O sindicalista Dezinho foi morto em 2000, em Rondon do Pará. (Foto: Cristino Martins / O Liberal)
O sindicalista Dezinho foi morto em 2000, em Rondon do Pará. (Foto: Cristino Martins / O Liberal)

Décio Nunes foi condenado a 12 anos de prisão e vai recorrer da sentença. Réu foi considerado mandante da morte do sindicalista Dezinho, em 2000.

 G1 Pará

O fazendeiro Décio José Barroso Nunes foi condenado a 12 anos de prisão, acusado de ser o mandante do assassinato do sindicalista José Dutra da Costa em 2000, o Dezinho. O juiz Raimundo Flexa anunciou na noite desta desta terça-feira (29) a decisão do júri, que considerou o fazendeiro culpado. A defesa de Décio decidiu recorrer da sentença, e o réu aguarda em liberdade até o julgamento de todas as instâncias.

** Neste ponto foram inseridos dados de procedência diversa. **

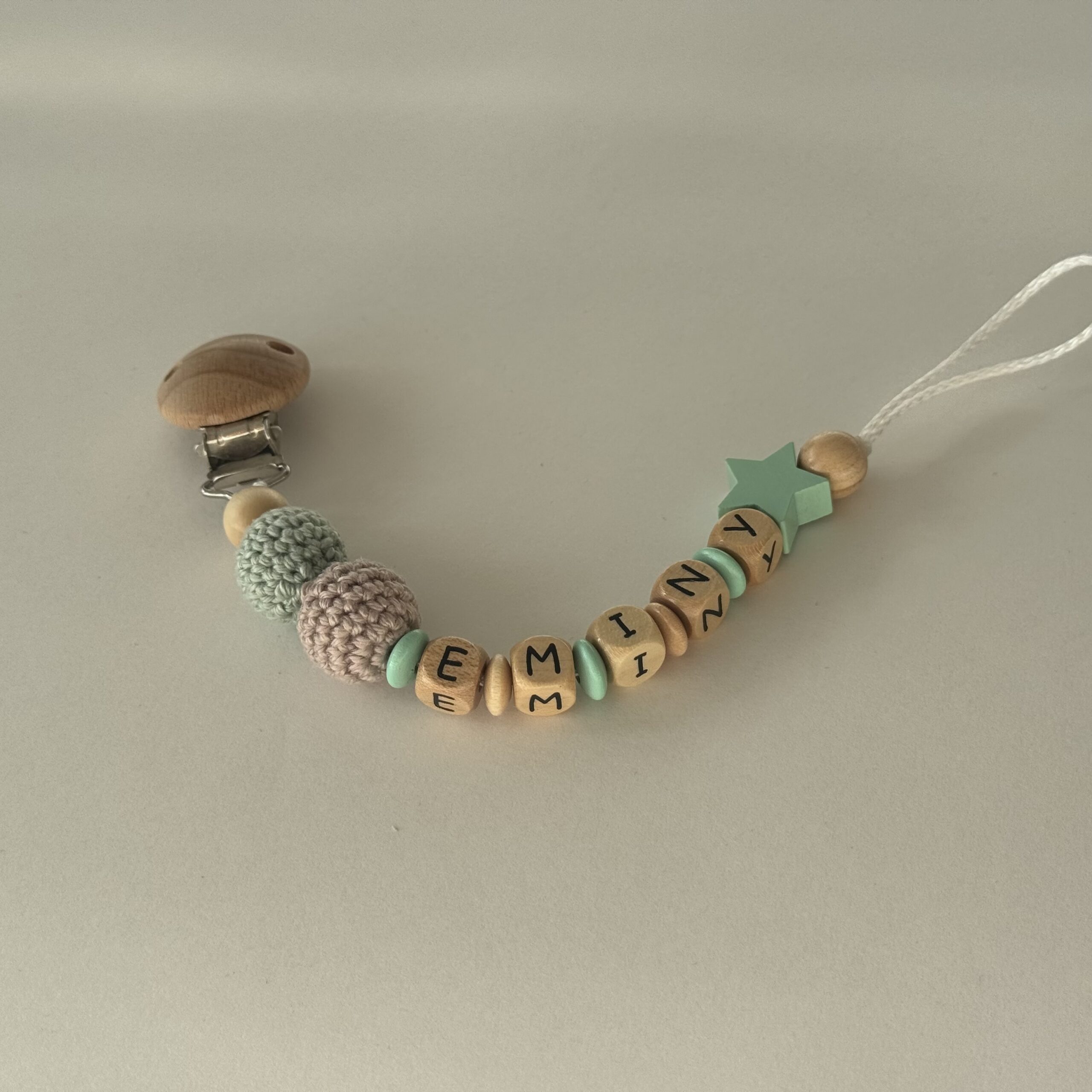 Unsere Schnullerketten halten den Schnuller stets griffbereit und verhindern, dass er verloren geht. Sie werden individuell mit Namen gestaltet und sind ein tolles Accessoire für dein Baby.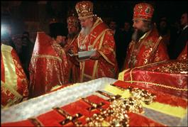 RUSSIA. Moscow. Orthodox Patriarch Alexey II at rebuilt St Saviour...

Dezinho era presidente do Sindicato dos Trabalhadores Rurais do município, e lutava pela desapropriação de terras para a reforma agrária na região. Segundo entidades ligadas aos direitos humanos, ele foi morto no dia 21 de novembro de 2000, em Rondon do Pará, sudeste do Estado, por denunciar práticas de trabalho escravo e apoiar famílias de sem terras.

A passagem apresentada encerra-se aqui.